(TRY IT)
With pictures left out, output exactly the lines of the listing below from the line that has "金刚身体的等级提升能增加防御值和攻击,提升需要消耗金刚之精" to the line that has "A single tulip, ranunculus, or", both lines kept.
INFORMATION Block Start
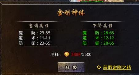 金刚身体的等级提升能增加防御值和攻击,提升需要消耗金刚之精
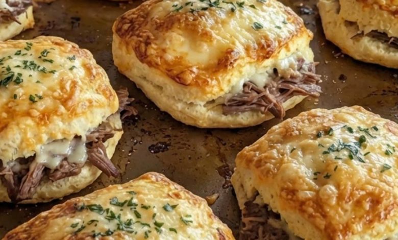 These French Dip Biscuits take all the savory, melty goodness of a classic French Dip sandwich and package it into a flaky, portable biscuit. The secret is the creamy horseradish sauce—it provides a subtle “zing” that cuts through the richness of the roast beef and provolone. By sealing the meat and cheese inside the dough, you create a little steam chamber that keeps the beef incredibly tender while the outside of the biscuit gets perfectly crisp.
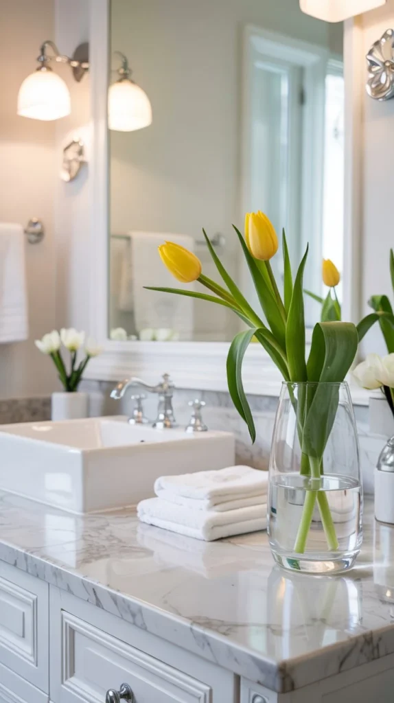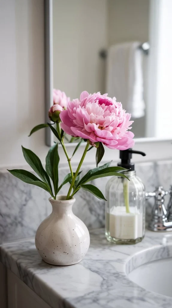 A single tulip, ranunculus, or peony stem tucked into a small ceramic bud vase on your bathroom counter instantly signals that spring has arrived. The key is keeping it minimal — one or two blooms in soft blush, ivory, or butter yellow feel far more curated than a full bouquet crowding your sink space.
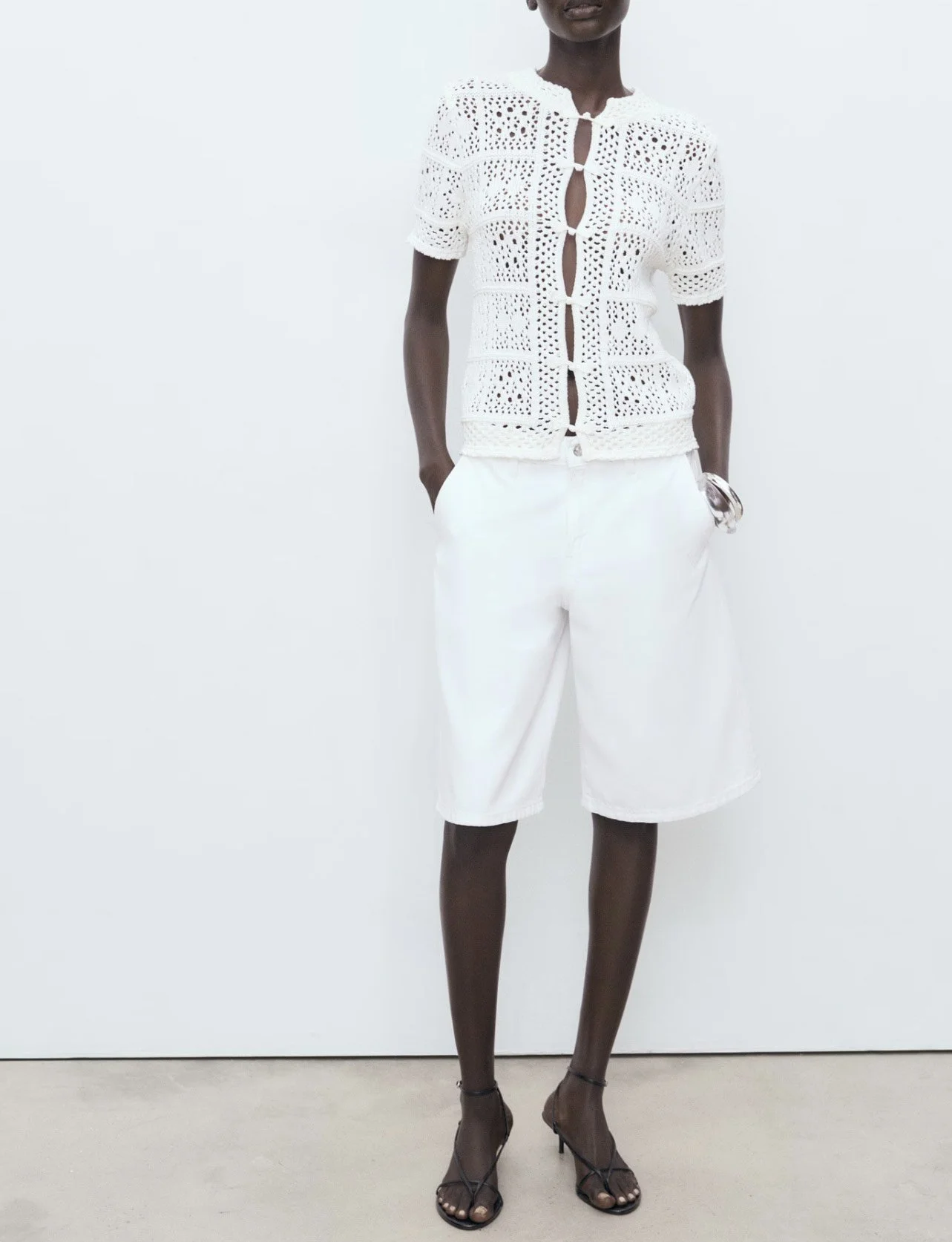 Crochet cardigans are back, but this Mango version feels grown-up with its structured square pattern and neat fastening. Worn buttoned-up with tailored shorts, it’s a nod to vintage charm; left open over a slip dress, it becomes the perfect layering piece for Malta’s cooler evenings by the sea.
INFORMATION Block End
INFORMATION Block Start
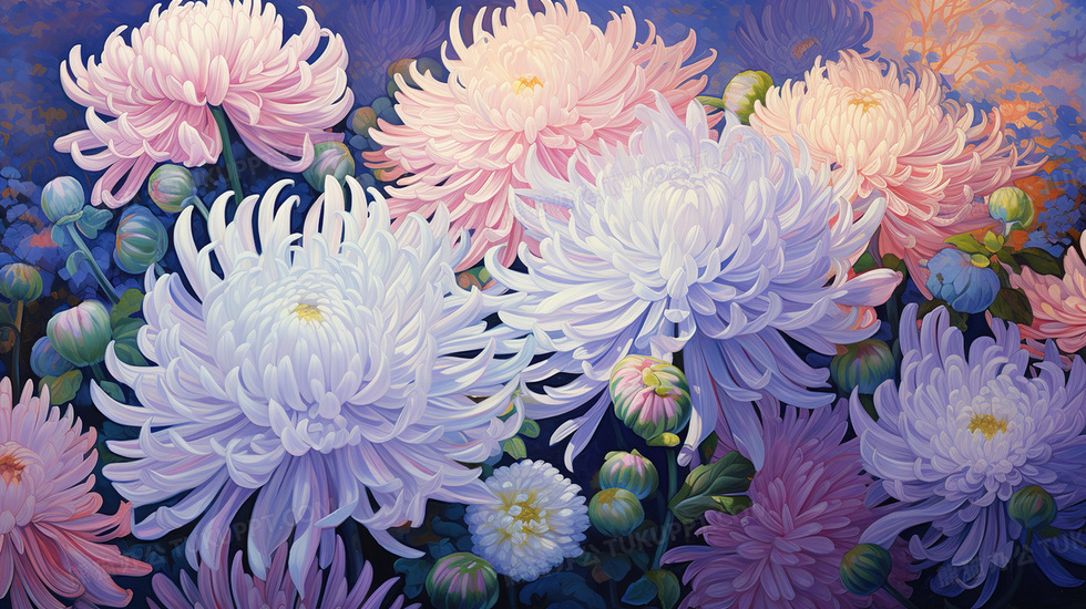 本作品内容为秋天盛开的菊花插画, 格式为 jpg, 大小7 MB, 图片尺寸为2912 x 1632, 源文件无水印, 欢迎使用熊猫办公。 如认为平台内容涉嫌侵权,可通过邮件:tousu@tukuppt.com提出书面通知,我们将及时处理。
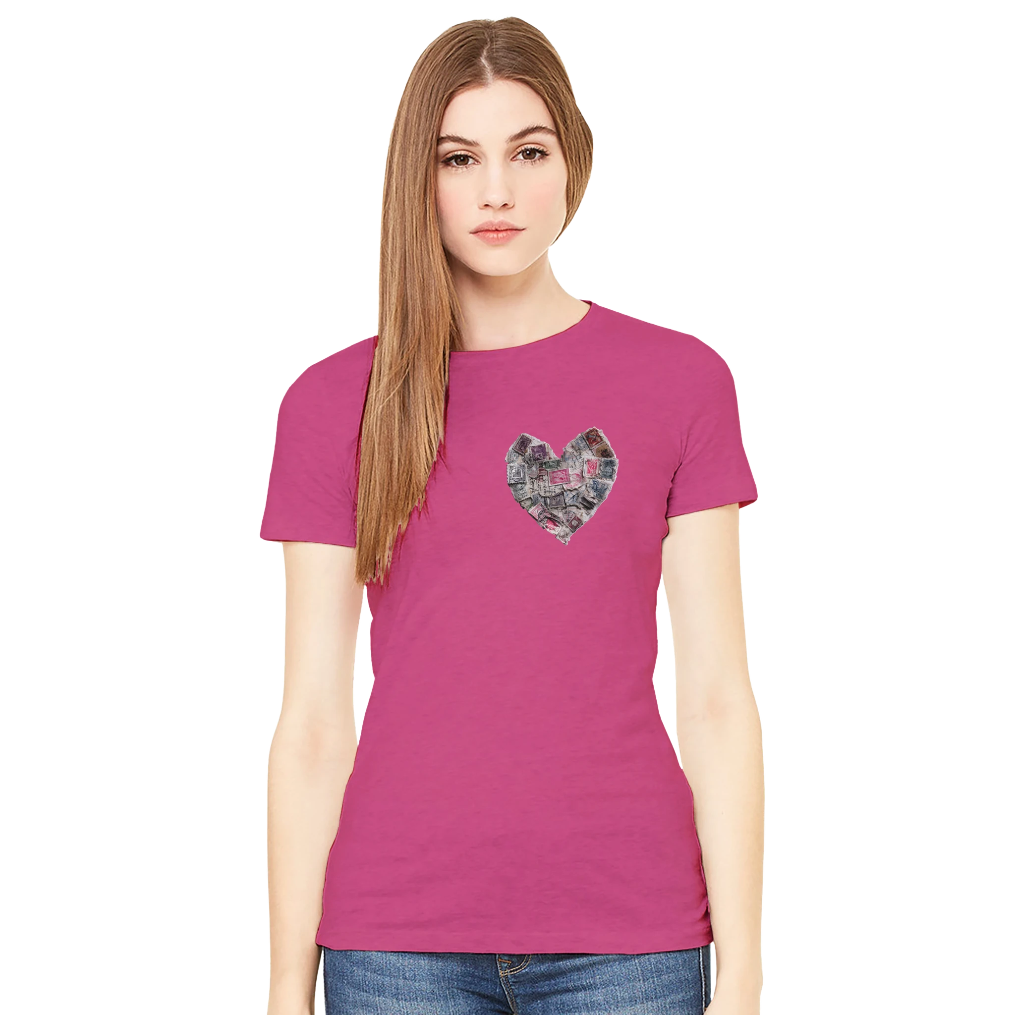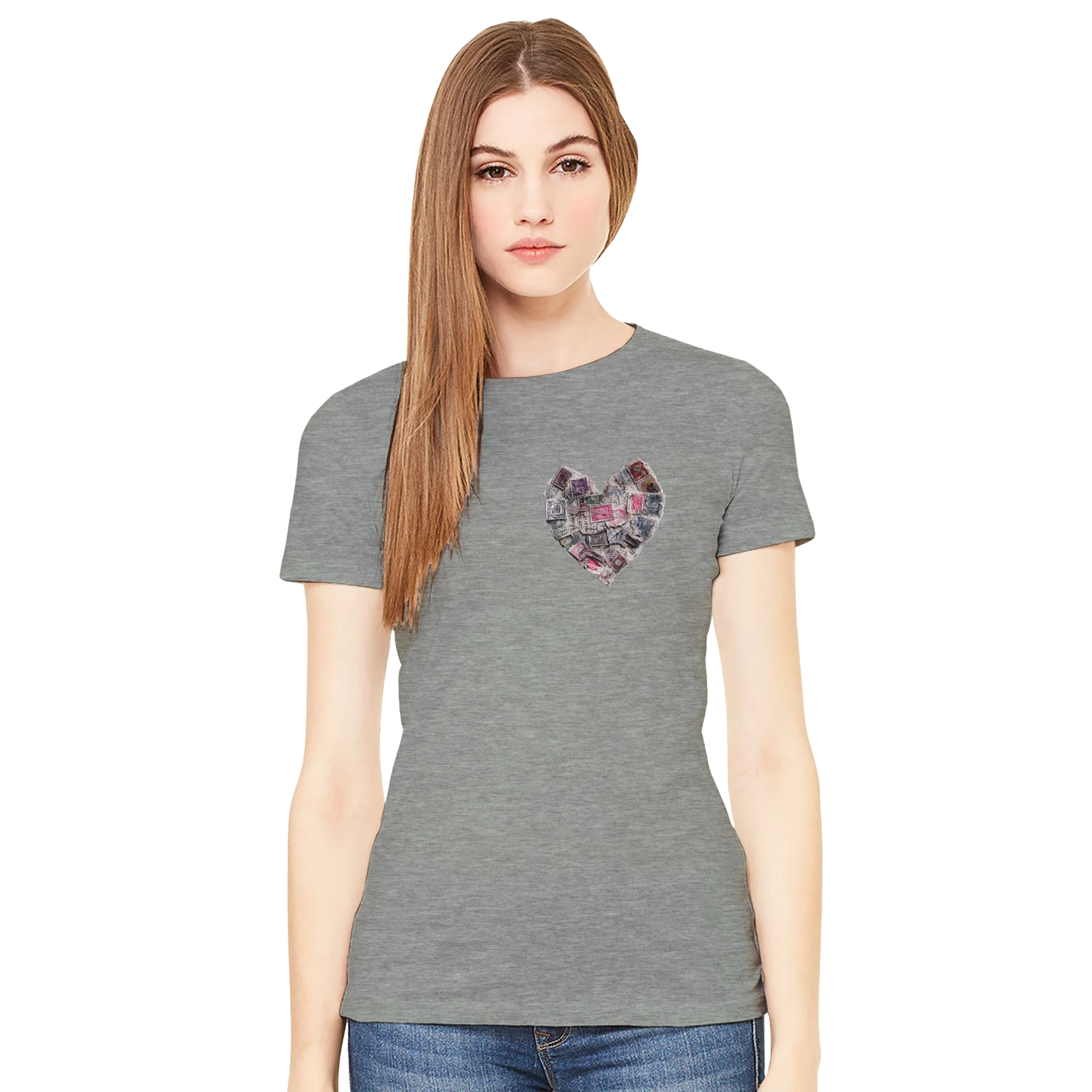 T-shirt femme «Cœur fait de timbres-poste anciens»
INFORMATION Block End
(EXPECTED ANSWER)
 金刚身体的等级提升能增加防御值和攻击,提升需要消耗金刚之精
 These French Dip Biscuits take all the savory, melty goodness of a classic French Dip sandwich and package it into a flaky, portable biscuit. The secret is the creamy horseradish sauce—it provides a subtle “zing” that cuts through the richness of the roast beef and provolone. By sealing the meat and cheese inside the dough, you create a little steam chamber that keeps the beef incredibly tender while the outside of the biscuit gets perfectly crisp.
 A single tulip, ranunculus, or peony stem tucked into a small ceramic bud vase on your bathroom counter instantly signals that spring has arrived. The key is keeping it minimal — one or two blooms in soft blush, ivory, or butter yellow feel far more curated than a full bouquet crowding your sink space.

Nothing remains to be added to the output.